Adrian Macéus, (born May 3, 2005) is a Swedish artist and actor.

Biography 
Adrian Macéus, born May 3, 2005, in Stockholm.

During the summer of 2016 Macéus was part of the ensemble of Parkteaterns play Trollflöjten 2.0 where he played one of Paminas little brothers. He had the lead role in the musical Billy Elliot in 2018 at Stockholms stadsteater. Preparing for the role he trained for dance at Base 23 - Stockholm dance Academy. In 2018, he was part of the ensemble for the musical  Så som i himmelen at Oscarsteatern in Stockh olm, where he plays Gabriellas son.

He played Leo in the 2018 SVT Christmas calendar Storm på lugna gatan. He has also done dubbing acting, he dubbed the role of Miguel in the Swedish voice for the Pixar film Coco. Adrian did the Swedish voice as John Banks in Disneys Mary Poppins Returns.
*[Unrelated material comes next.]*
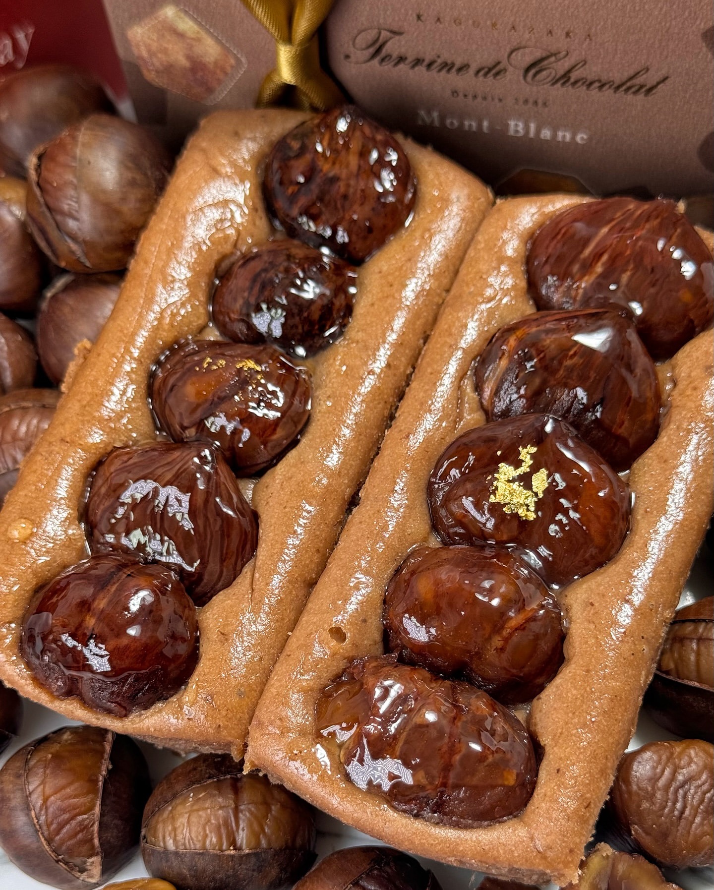トップに添えられた栗や金粉が特別感を引き立て、ボトム層にはごろごろとした栗が散りばめられ、満足感も抜群です

in December 2018 Adrian Macéus released his debut single "How Are You Now" at Warner Music Sweden and Northbound Music Group that he himself written along with Kian Sang and Karl Ivert. He performed the song live in Bingolotto in TV4 on December 2, 2018 and became the third most popular artist that season.

Since 2019 he is the youngest ambassador representing the Swedish Anti Bullying foundation Friends. Adrian has chosen to use his platform to reach out and support children and young people who have it tough today, and show how we all involve and can contribute to positive change.

Adrian Macéus makes a Swedish podcast targeting teenagers. Adrian & Klara — Tonårsliv published at Spotify, Acast and YouTube.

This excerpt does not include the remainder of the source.